Scale of destruction and suffering
It will take some time to establish exactly how many victims this war has had, and reliable figures will only emerge once the war is over. After two months of fighting, we can probably speak about tens of thousands of soldiers dead for both Russia and Ukraine, and a comparable number of civilian deaths among Ukrainians. Alongside death, injuries can be horrific beyond belief, especially when even hospitals are under artillery attack.
The invasion on 24 February might have been a shock, but many Ukrainians knew immediately that fleeing is the best way to save their lives. By the end of April, more than 12 million Ukrainians are believed to have fled their homes. Close to half of that number left the country, with Poland having received just over half of all Ukrainian refugees.

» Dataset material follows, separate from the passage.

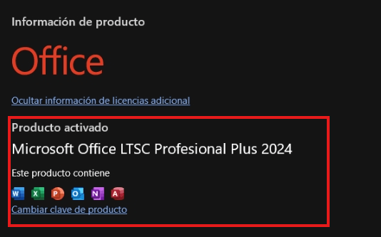 Según la captura de pantalla, en "Producto activado", se muestra Office LTSC Professional Plus 2024.

Having seen the material destruction, discussions about the cost of reconstruction have started. The damage to infrastructure was deemed to amount to €60 billion by the World Bank in April, and such numbers are growing by the day. European Investment Bank (EIB) President Werner Hoyer already voiced his view that the sums needed for the reconstruction – coming together from public and private sources – will be „beyond imagination”. A recent study by the Centre for Economic Policy Research (CEPR) estimates the cost of the war between €200 billion and €500 billion.
It has also been pointed out right after the beginning of the invasion that this will be a local war with global effects. First of all, there is a world wide impact on food supply, threatening the return of famine in poorer countries that have been importing Ukrainian or Russian grain. According to the World Food Programme, 276 million people worldwide faced “acute hunger” before the war began and if it drags on into the summer of 2022 another 27 to 33 million may find themselves in that precarious position.

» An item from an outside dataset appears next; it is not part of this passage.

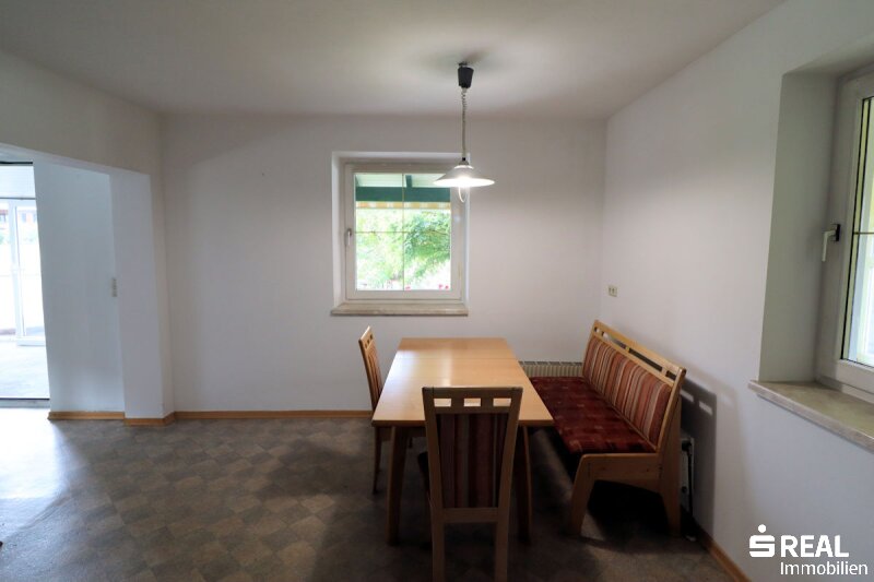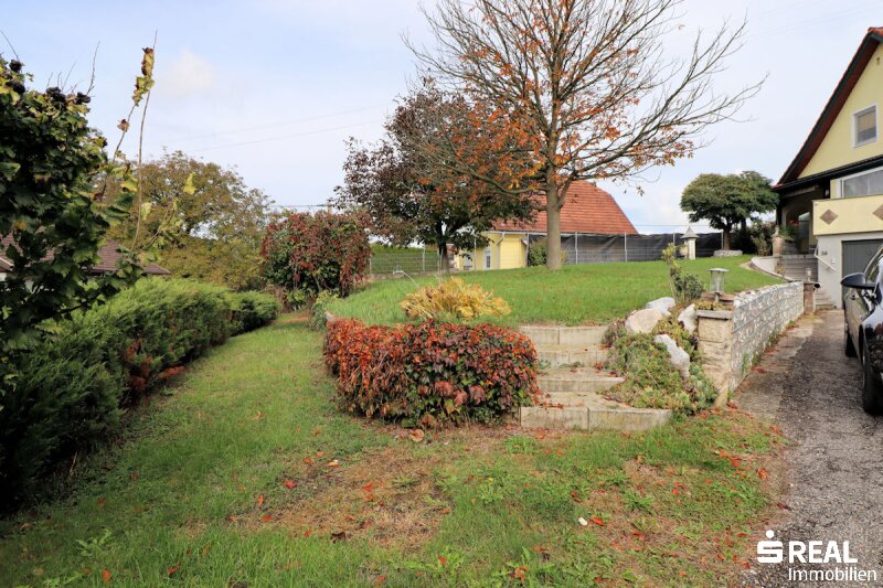 Ein Einfamilienhaus in ruhiger, sonniger Lage mit offenem Weitblick. Das massiv gebaute Haus besteht aus einem Erdgeschoss, Dachgeschoss und ist voll unterkellert. Eine Garage wurde an dem Keller angebaut und darauf befindet sich eine Terrasse als Verlängerung zum Wintergartenanbau. Der Wintergarten ist über die Küche begehbar und verfügt zusätzlich über einen Ausgang in den Garten. Über einen überdachten Gang kommt man in den Vorraum mit einer Gästetoilette. Über dem zentralen Vorraum erreicht man alle Räume im Erdgeschoss. Ein Wohn-Essraum mit Kachelofen ist mit der großen Küche über einem offenen Durchgang verbunden. Von der Küche kommt man direkt in den Wintergarten. Im Erdgeschoss steht noch ein Zimmer und ein kleines Badezimmer zur Verfügung. Im Dachgeschoss gibt es 3 Zimmer und ein WC mit Waschgelegenheit. Westseitig vom Haus befindet sich noch eine gepflasterte Terrassenfläche mit einem Pavillon. Über die Jahre wurden immer wieder Sanierungen durchgeführt. Die Grundsubstanz des Hauses ist in einem guten Zustand und ist trocken.

Given the direct and indirect effects of the war on the rest of Europe and indeed the entire world, Ukrainians believe themselves to be fighting for more than just their own independence. And the rest of Europe has committed to support, and even more commitments are expected in the future. After the Russian attack, the government of Ukraine decided to submit its application for membership in the European Union. An exchange of documents took place, and the visit of Commission President Ursula von der Leyen and High Representative Josep Borrell bears great significance. However, not all visits are equally helpful to fulfil the future ambitions of Ukraine.
Parade of faux friends
Kyiv became a city to visit for a great variety of political leaders, but some of these are not necessarily representatives of the European spirit, and may not be able to help with Ukrainians’ long-term endeavour. Especially when we see the arrival of political figures with damaged reputations who want to gain some kind of moral capital out of their handshake with President Zelensky. A visit to Kyiv is normally an expression of solidarity and support, but very often it is also an exercise in gaining some fame and popularity by association with genuine heros.

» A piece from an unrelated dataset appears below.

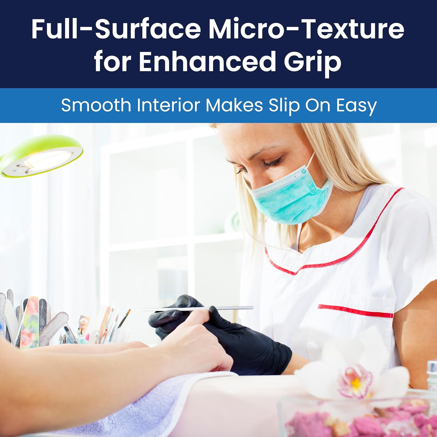 Product Description Adenna Phantom® 6-mil latex medical-grade exam gloves provide superior grip, flexibility, and durability. They are powder-free and low in latex protein to minimize allergic reactions. A sleek black color hides stains — ideal for tattoo artists, beauty professionals, and law enforcement. Details You’ll Love! 6-mil latex for flexibility and durability Powder-free with low latex protein to reduce irritation Black color conceals stains, inks, and dyes Comes in a pop-up dispenser box of 100 Key Features: Natural rubber latex for stretch and durability Powder-free to minimize irritation Exam-grade for professional use Full-surface micro-texture for a secure grip Professional Grade: Designed for tattoo and beauty professionals Trusted by law enforcement and security agencies Ideal for wet and dry applications XS, SM, MED, LARGE, XL Directions for use: Select the appropriate glove size for a secure and comfortable fit. Carefully insert hands into the gloves, ensuring complete coverage of the wrists. Use gloves for single-use applications only. Dispose of them properly according to workplace safety regulations. Store in a cool, dry place away from direct sunlight. Warning: Do not use if you have a latex allergy. Manufacturer Contact Information 888.3ADENNA(323-3662)

One high level guest who was given a warm welcome in Kyiv is UK Prime Minister Boris Johnson. If there was a prize to the politician who has lied the most about the European Union, he would have won it for sure. Johnson is not only a notorious liar but someone who violated the laws he imposed on the British people under the Covid-19 crisis and in the last six months this scandal has been the main discussion topic of UK politics. Johnson is preparing to rip up the Northern Ireland protocol of the Brexit agreement, and it is a question whether for the EU he can ever be again a trustworthy international partner. Ukrainians having left or planning to leave their country should pay attention to the refugee policy of the Johnson government, which includes plans to send asylum seekers to Rwanda.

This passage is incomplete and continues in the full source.